Bu sütunda hep söyleyegeldim, toplumsal dönüşümü iyi öngören ve bu dönüşüme paralel öğretim reformları yapan ülkeler en başarılı ülkeler oluyorlar.
Başarıdan muradım, daha fazla yaratıcılık, daha hızlı büyüme, daha fazla refah.
Ülkemiz Türkiye’nin de bu konuda yapması gerekenler, daha doğrusu benimsemesi, en azından bugünden tartışması şart bir model var.
Türkiye’de eğitim süreçleriyle ilgilenen herkesin kanımca kalkış noktası ilköğretim ve lise aşamalarının kalite sorununun daha senelerce çözülmesinin demografik ve bütçesel nedenlerden adeta olanaksız olduğunun kabulü olmalı.
Nitelikli, bırakın nitelikliyi, yeterli bir lise öğretimi varsayımıyla dizayn edilen ulusal öğretim şemalarının duvara toslaması kaçınılmaz.
Bu kabul yani lise çıktısının çok yetersiz olduğu varsayımıyla aşağıda kendi önerimi sunmaya çalışacağım.
4+4+4 modelini iyileştirmeye çok çalışmayalım, netice almamız pek mümkün değil, bu aşamanın yükünü çok aşağıya çekelim, çocukları gerçekten anlamsız bir müfredatla ezmeyelim, temel bir matematik bilgisi, okuma, yazmayı sevme, sevdirme ve ingilizce ile yetinelim.
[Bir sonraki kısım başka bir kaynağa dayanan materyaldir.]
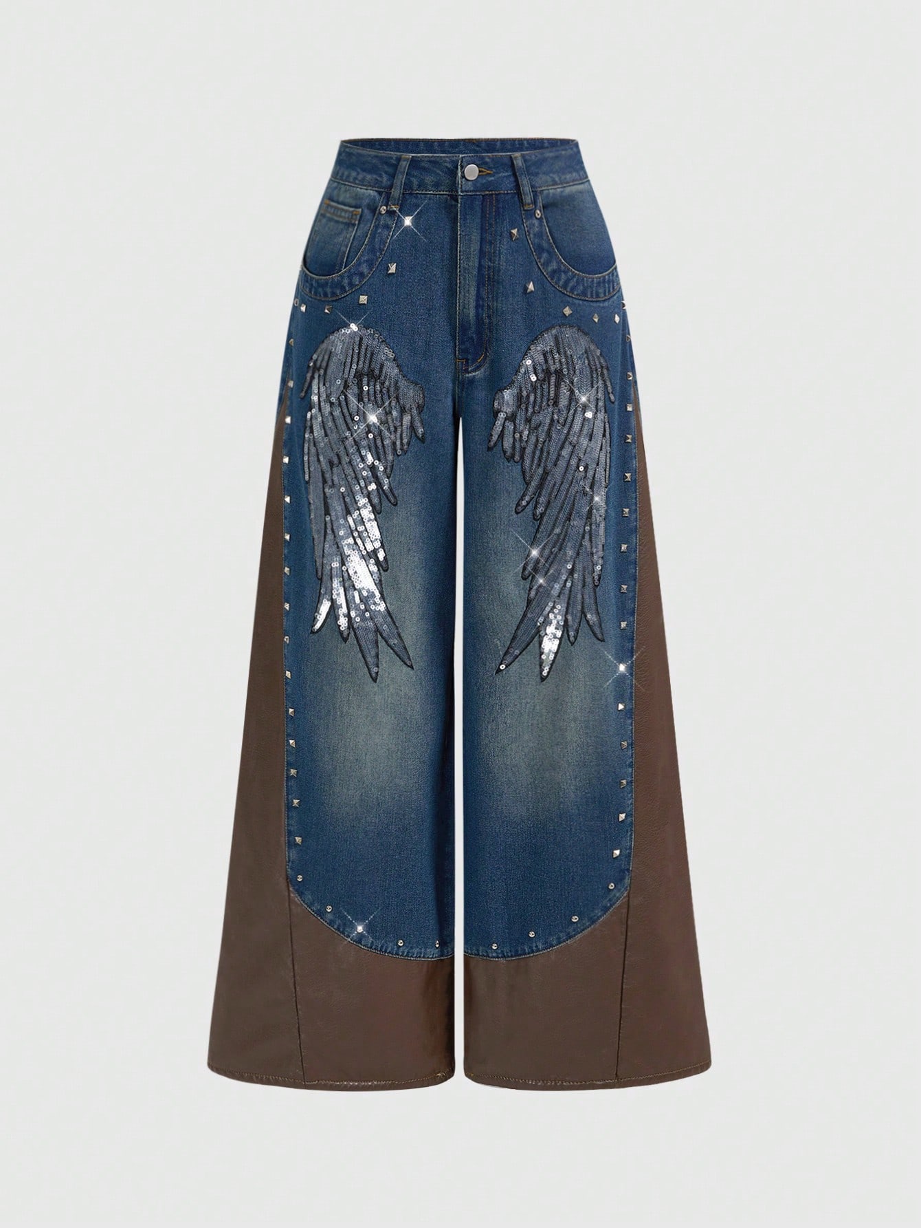 J-Fashion Pantalon large en jean femme style rétro punk, style de rue, festival de musique, patchwork en PU, ailes pailletées, broderie

Çocuk çok temel ama yetersiz bir bilgi birikimi ile üniversiteye gelecek, çok iddialıyım, bu kaçınılmaz.
Türkiye’de yükseköğretime ulaşma oranını yüzde yüze çıkaralım, bu hedefi bugünkü üniversite lisans anlayışı ile gerçekleştirmek de mümkün değil, derslerin en azından yarısını hatta daha fazlasını uzaktan öğretim modeli ile verelim, ingilizce sorununu aşabilir isek, bu işi büyük ABD üniversitelerine dahi kısmen kaydırabiliriz ve çok da iyi olur, bugünkü saçma sapan denklik anlayışını da bir kenara koyalım artık.
Yükleri büyük ölçüde azalacak üniversiteler böylece çok daha fazla öğrenci alabilir, yükseköğretime ulaşma oranı yüzde yüze çekilir, üniversiteler klasik yüz yüze dersleri çok temel bir-iki derse indirir, sınavları da kısmen ÖSYM yapar.
Emin olabilirsiniz, böyle bir sistemin ortalama çıktı kalitesi bugünkünün asla aşağısında olmayacaktır.
Ancak, bu arada yanlış bir eşitlik saplantısını da aşmamız, sayısı çok olmayan, zaten olamaz, çok elitist, gerçekten çok nitelikli bir paralel yükseköğretim sistemini de devreye sokmamız lazım.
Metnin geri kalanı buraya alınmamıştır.